75 years ago, fission was an idea that was thought only to exist in theory. At the time it was thought impossible to split an atom without causing some kind of detonation. The 1930s had many scientists exploring this idea. Many attempted to split the atom by bombarding it with protons. In 1938, Enrico Fermi, an Italian physicist, began using heavier elements and bombarding them with neutrons. Then in December, Otto Hahn and Fritz Strassmann observed that the by-products of splitting Uranium were roughly half the mass of Uranium, which demonstrated that atomic fission had occurred, releasing roughly 200 million electron volts in the process. The world would never be the same.
Enrico Fermi moved to the University of Chicago shortly after. There, he and his team found a way to insert neutron-absorbing material to slow down and absorb excess energy to create a self-sustaining and controlled reaction. Chicago Pile, as it is now know, was the first such nuclear reaction.
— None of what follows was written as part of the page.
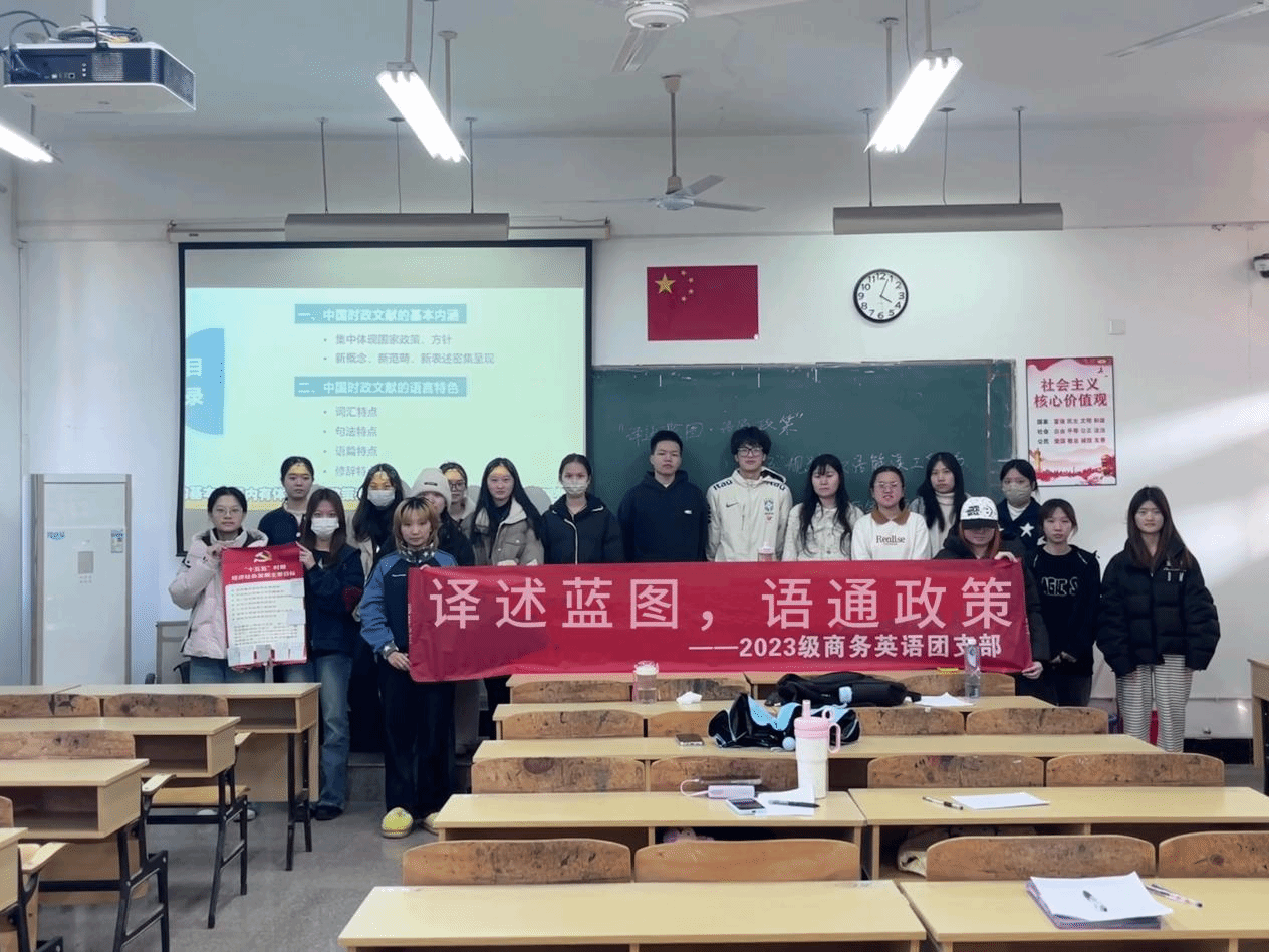 为聚焦“十五五”规划核心要义,夯实商务英语专业基础,提升青年学子政策理解与对外传播能力。1月4日,我院2023级商务英语团支部于启慧楼2-401教室开展“译述蓝图・语通政策”——“十五五”规划双语解读工作坊主题团立项活动。

"In those 75 years since Enrico Fermi, Otto Hahn, and Fritz Strassmann opened our eyes to nuclear fission, not much has changed in terms of what we understand fission to be," said Donald R. Hoffman, President of the American Nuclear Society. "What has changed are the seemingly limitless numbers of applications and how much we have been able to utilize them to serve human kind. We have greatly increased our understanding of its uses such as radiation, what it does and does not do."
The American Nuclear Society will celebrate the 75th anniversary of the discovery of nuclear fission at its 2013 Winter Meeting in Washington, D.C. Fermi's discovery will be illustrated by the ways in which nuclear fission has become an everyday occurrence in our world, including how communities and homes across the globe receive energy every day from nuclear reactors. The discovery brought developments in food irradiation to remove disease-causing microorganisms and keep what we eat safe. But one of the most significant has been the innovations in nuclear medicine and how it is used in nearly one-third of all procedures through radiation or radioactivity.
Hoffman, who is also President and CEO of EXCEL Services Corporation, has spent much time traveling the globe and sharing the benefits that nuclear science has bestowed. "There are a number of nations and parts of the world where we didn't believe we'd see a significant impact and use of fission. However, southeast Asia, Africa, and other countries are developing applications alongside more traditionally known nuclear developed countries such as the United States, Russia, and Japan in finding new technologies and uses."
"For the vast majority of individuals across the globe, nuclear science has improved their quality of life. The applications used due to the discovery of fission include numerous agricultural and even extend to industries such as mining. However, I recognize that the vast majority of the public think of fission as either a weapon or energy, and not necessarily think of its importance to innovations in medicine," said Hoffman.
And younger generations understand the role nuclear fission can continue to play in our world. At 19, Taylor Wilson has been a new voice in nuclear science, jumping on the scene with nearly 3 million views on his first March 2012 TEDTalk. Many have watched Taylor Wilson lecture on the future role that nuclear fission can have within reactors. Just this past February at a TEDTalk in Long Beach, California, he outlined the benefits of small modular reactors, and how ultimately, they could be used to solve global energy needs.
"The applications that fission has brought us will continue to bring rewards for human kind over many decades and generations," noted Hoffman. "I believe we have only scratched the surface of the uses for both large and small scale reactors, limitless potential in our food safety standards to bring better process controls, and the possibilities of long term space travel that will be made possible with continued application development through nuclear fission."